→ **ASSIGNMENT**
In full and unchanged, set down the entries that follow, with no images.

************

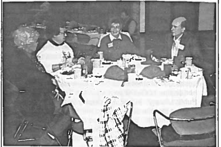
Luncheon at Phillips University during Indoor Outing

indoor meeting place, Kirkpatrick Horticulture Center, at
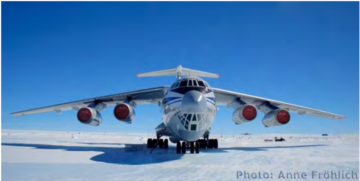
Iljushin 76 in Antarctica
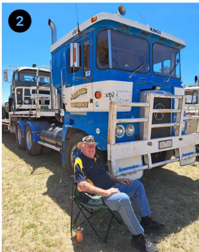
1 AB 160 International, Cummins Diesel, from Heathcote.
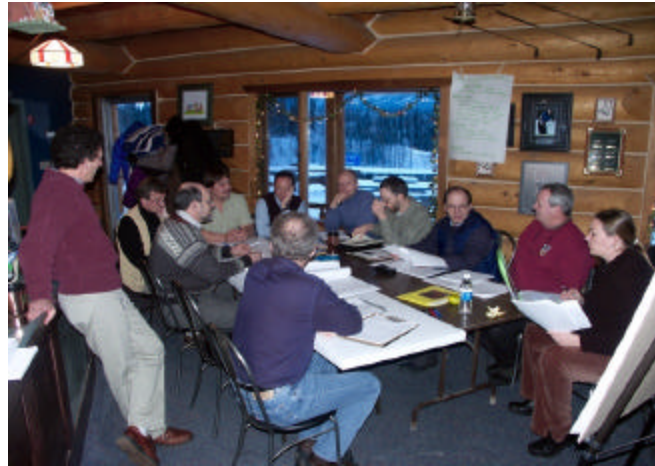
Figure 1. Team discussion at the Yukon off-grid charrette.
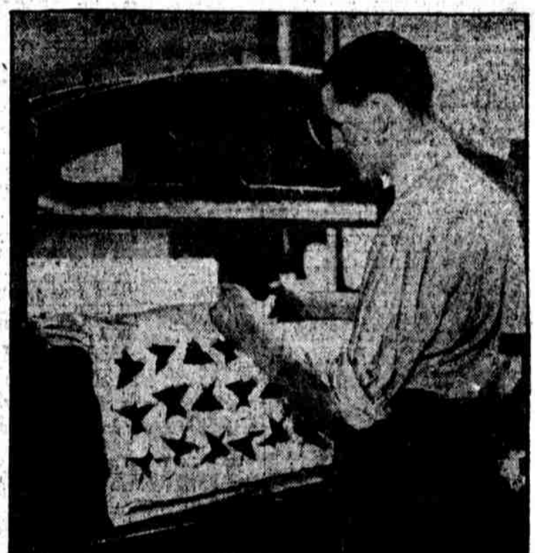
MAKING STARS. This cutting machine makes dozens of stars at a time at the Schuykill Arsenal. They are then sewed on the blue field of American flags and pennants.
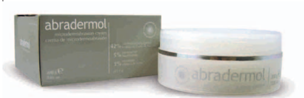
PRESENTATION 200 g
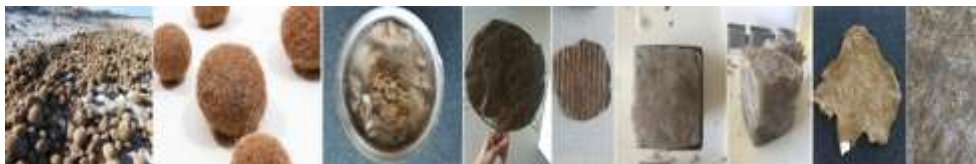
Figure 13. Seagrass ( Posidonia oceanica ) collected from shores of Albania, [14, 15]. Seagrass and canola pellet potato starch bioplastic and pure seagrass potato starch bioplastic, Dimension 5x5x5 cm and potato starch bioplastic with seagrass.
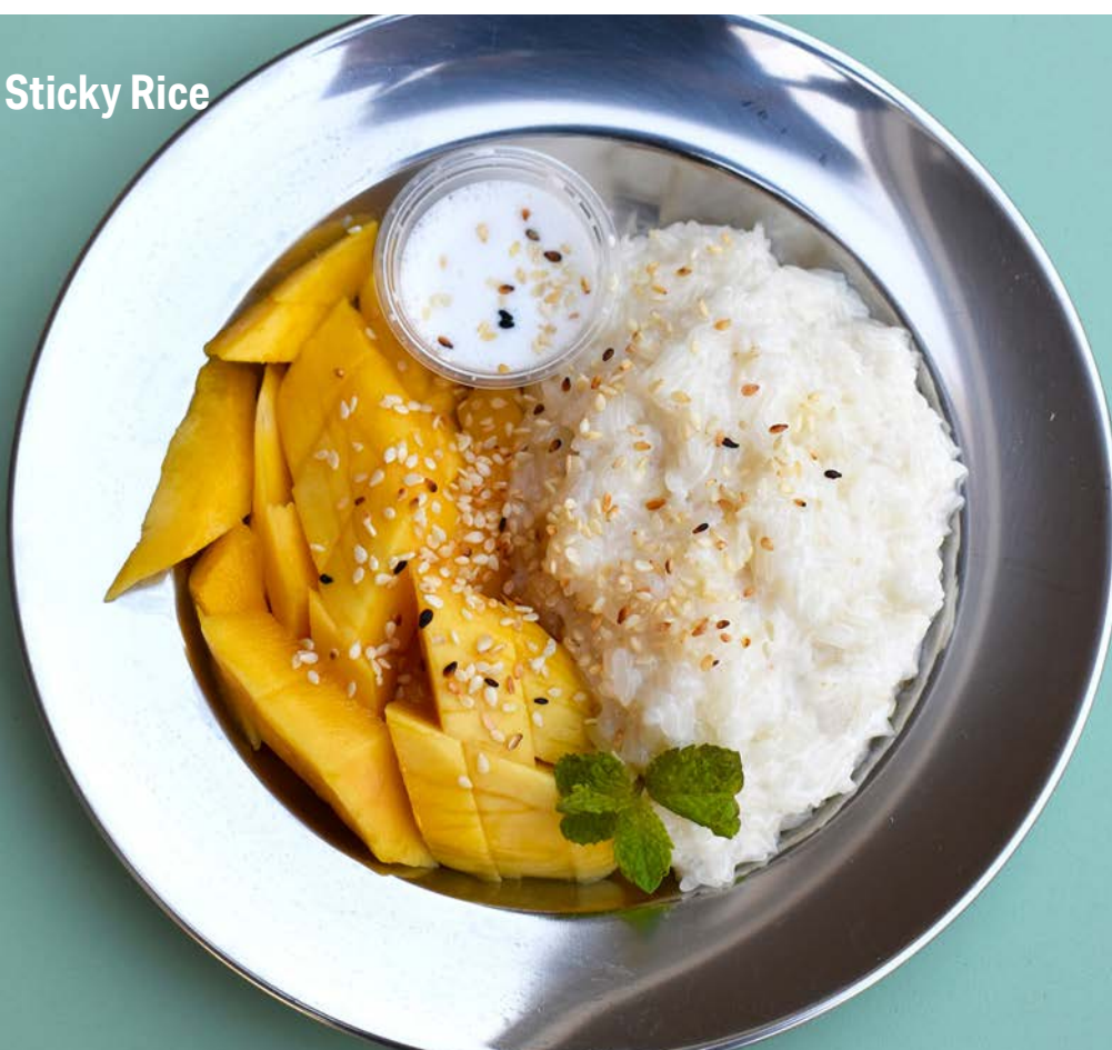
Mango & Sticky Rice
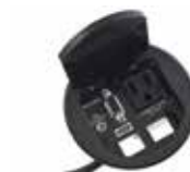
Pre-Wired Dual-Service Box TTBD51BK
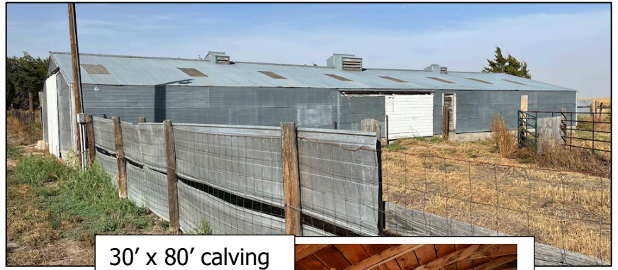
30' x 80' calving barn with catch alley, auto head catch & vet room.
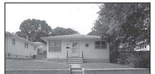
511 Green • $89,900

No step-handicapped accessible, 2-bedroom, 1-bath built in 2000. Lisa, Anderson Realty, 605-661-0054.
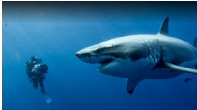
Still from "Oceans"

Sorry, but no refunds will be made for reservations cancelled less than one week in advance.
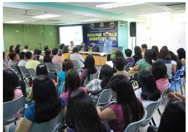
Prof. Nene Pimentel speaks on the topic of Good Governance and Effective Leadership for National Transformation to the officials and graduate students of Pampanga Agricultural College during their visit at the Pimentel Center. (February 27)
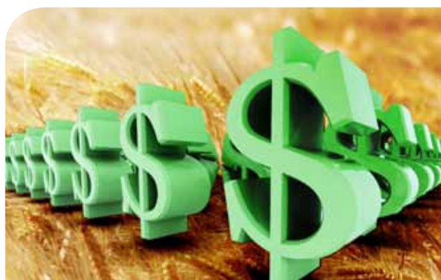
Dumping duties will cause prices to rise

Nufarm are at least 20% owned by Sumitomo and Accensi we understand is fully owned by overseas interests.
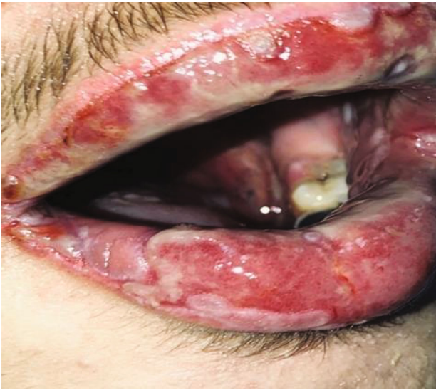
FIGURE 4: First visit to our clinic. Lip lesions with a tendency to bleed.
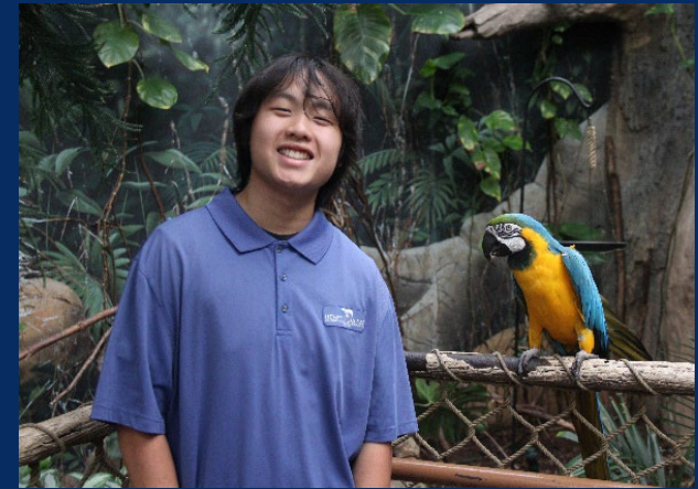
Boys and Girls Club Intern
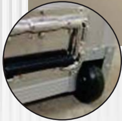
Light weight and durable aluminum traveling case is wheeled for easy transport, storage and shipping
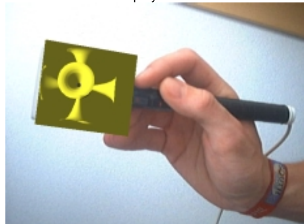
Figure 2: The ASR application allows a drag and drop of sound sources.

Current AR applications do not allow a direct manipulation of sound sources. ASR is the first prototype which combines sound and graphics in a AR environment and offers a wide spectrum for further applications. Especially in the authoring process for Augmented Reality applications it becomes difficult to place the sound sources using traditional 2D/3D based authoring tools. Now, the authors can place 3D sound sources in the real 3D space and they have a more intuitive experience how it really sounds. In the second application, which we are working on, the user can place virtual furniture in the room. This application will be combined with ASR, so that the user doesn't see the newly established room, but he also can hear how the radio or DVD player sounds.
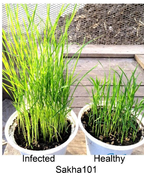
Figure 2: Symptoms of Bakanae disease as abnormal elongation of Sakha 101 seedlings under artificial inoculation.
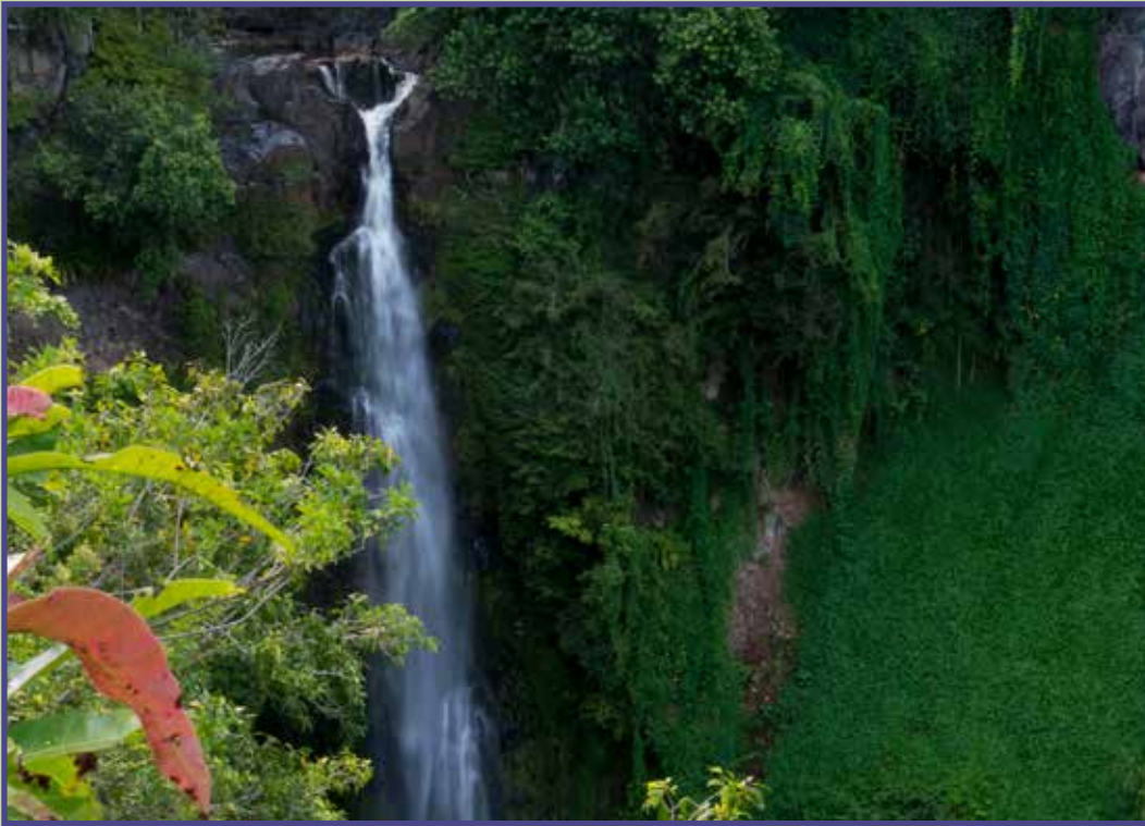
Makahiku Falls Overlook

************

→ **RESULT OF THE EXERCISE**
Luncheon at Phillips University during Indoor Outing

indoor meeting place, Kirkpatrick Horticulture Center, at
Iljushin 76 in Antarctica
1 AB 160 International, Cummins Diesel, from Heathcote.
Figure 1. Team discussion at the Yukon off-grid charrette.
MAKING STARS. This cutting machine makes dozens of stars at a time at the Schuykill Arsenal. They are then sewed on the blue field of American flags and pennants.
PRESENTATION 200 g
Figure 13. Seagrass ( Posidonia oceanica ) collected from shores of Albania, [14, 15]. Seagrass and canola pellet potato starch bioplastic and pure seagrass potato starch bioplastic, Dimension 5x5x5 cm and potato starch bioplastic with seagrass.
Mango & Sticky Rice
Pre-Wired Dual-Service Box TTBD51BK
30' x 80' calving barn with catch alley, auto head catch & vet room.
511 Green • $89,900

No step-handicapped accessible, 2-bedroom, 1-bath built in 2000. Lisa, Anderson Realty, 605-661-0054.
Still from "Oceans"

Sorry, but no refunds will be made for reservations cancelled less than one week in advance.
Prof. Nene Pimentel speaks on the topic of Good Governance and Effective Leadership for National Transformation to the officials and graduate students of Pampanga Agricultural College during their visit at the Pimentel Center. (February 27)
Dumping duties will cause prices to rise

Nufarm are at least 20% owned by Sumitomo and Accensi we understand is fully owned by overseas interests.
FIGURE 4: First visit to our clinic. Lip lesions with a tendency to bleed.
Boys and Girls Club Intern
Light weight and durable aluminum traveling case is wheeled for easy transport, storage and shipping
Figure 2: The ASR application allows a drag and drop of sound sources.

Current AR applications do not allow a direct manipulation of sound sources. ASR is the first prototype which combines sound and graphics in a AR environment and offers a wide spectrum for further applications. Especially in the authoring process for Augmented Reality applications it becomes difficult to place the sound sources using traditional 2D/3D based authoring tools. Now, the authors can place 3D sound sources in the real 3D space and they have a more intuitive experience how it really sounds. In the second application, which we are working on, the user can place virtual furniture in the room. This application will be combined with ASR, so that the user doesn't see the newly established room, but he also can hear how the radio or DVD player sounds.
Figure 2: Symptoms of Bakanae disease as abnormal elongation of Sakha 101 seedlings under artificial inoculation.
Makahiku Falls Overlook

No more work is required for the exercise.